Supplied material:
--

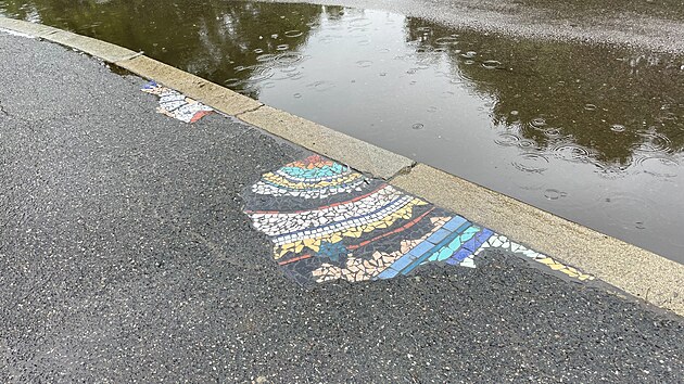 Mozaika ve tvaru ryby u Ponorky v Pardubicích je další z prací talentovaného studenta. I za deštivého počasí přitahuje pozornost kolemjdoucích. (22. července 2025)
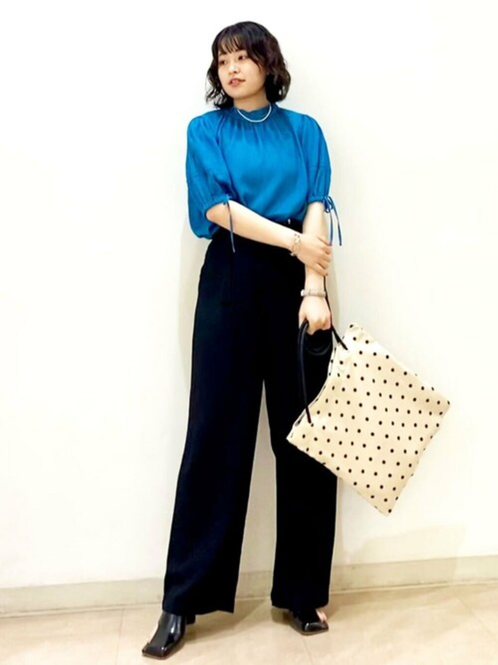 パッと目を引くブルーと大人なブラックを合わせました♪ シアー感があるブラウスは風通しも良く、真夏から秋口まで大活躍間違いなしです◎ ベルト付きのパンツはハイウエストなデザインですが足のラインを拾わずこなれ感が出る仕上がりです☺︎ 足元はヒールで大人っぽく♡
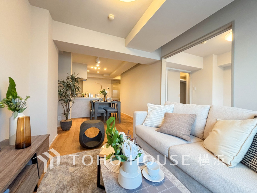 明るく開放的な空間が広がるLDK。室内には豊かな陽光が注ぎ込み、爽やかな住空間を演出。ホームパーティーでもゲストと一緒に料理を楽しみながら楽しい時間を過ごせそう。
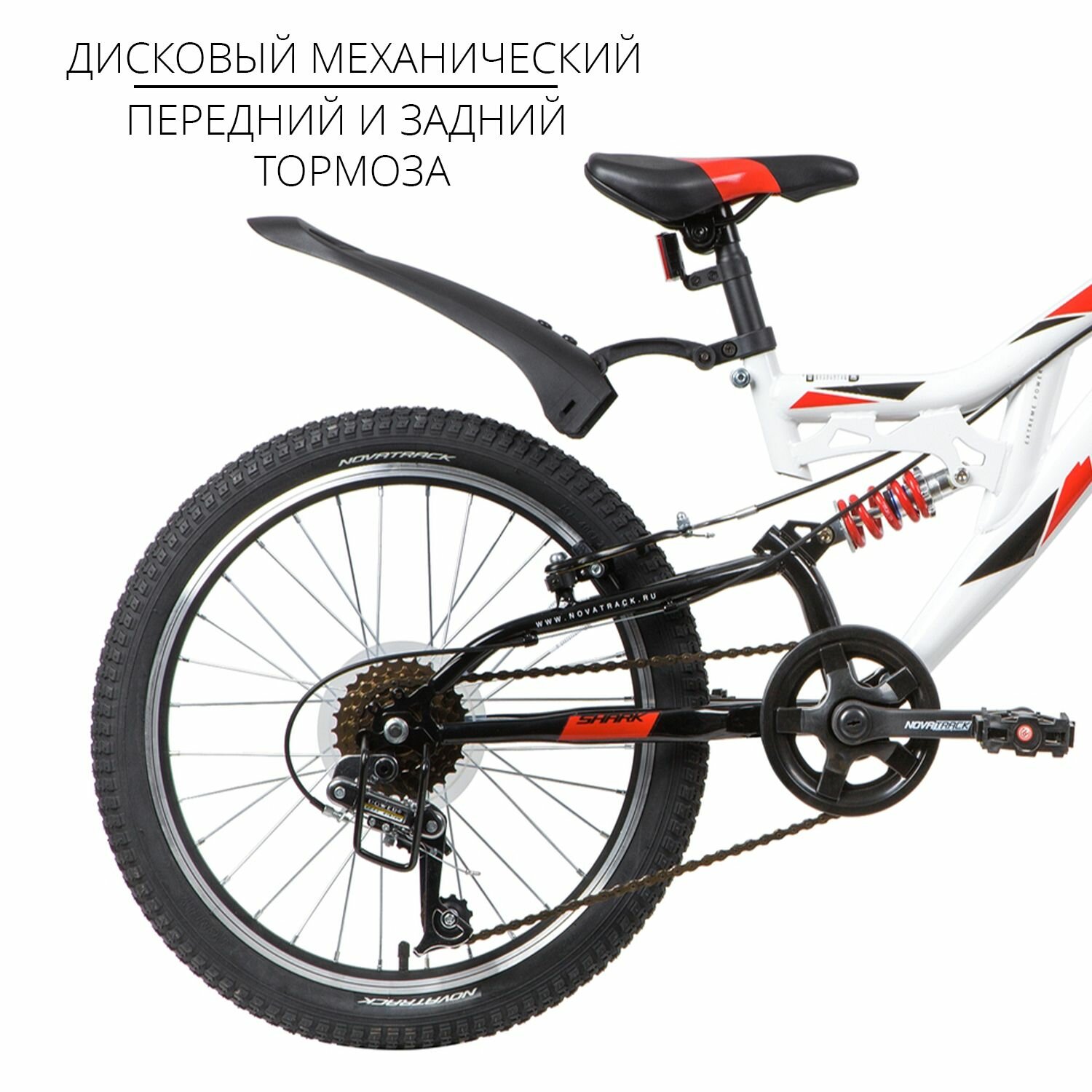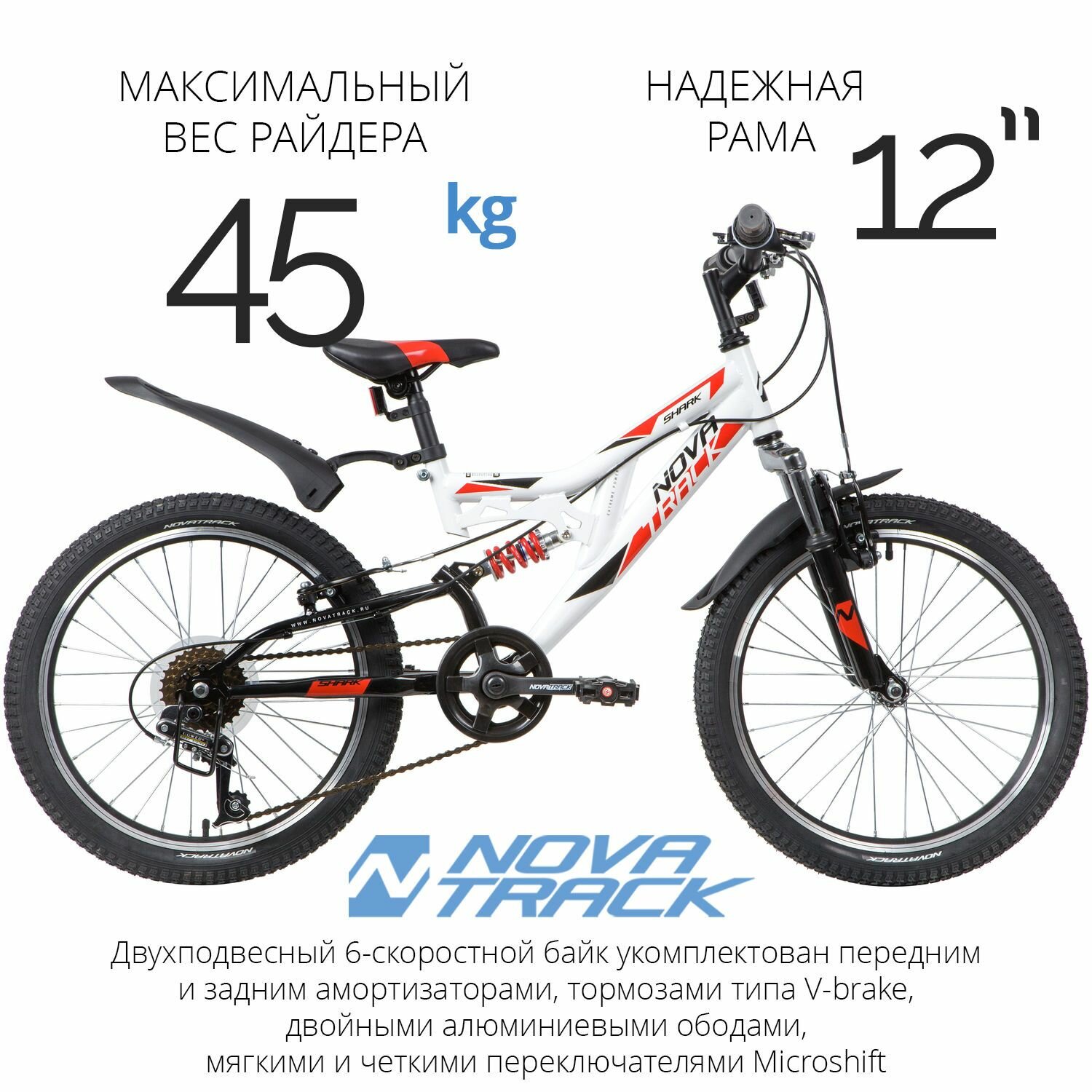 Велосипед 20 Novatrack (Двухподвес) SHARK (6-ск.) Белый WT20

--

Directions for this task: When you reach the line containing "明るく開放的な空間が広がるL" in the listing above, reproduce it and every line after it through the last, exactly; omit the pictures.

Written reply:
 明るく開放的な空間が広がるLDK。室内には豊かな陽光が注ぎ込み、爽やかな住空間を演出。ホームパーティーでもゲストと一緒に料理を楽しみながら楽しい時間を過ごせそう。
 Велосипед 20 Novatrack (Двухподвес) SHARK (6-ск.) Белый WT20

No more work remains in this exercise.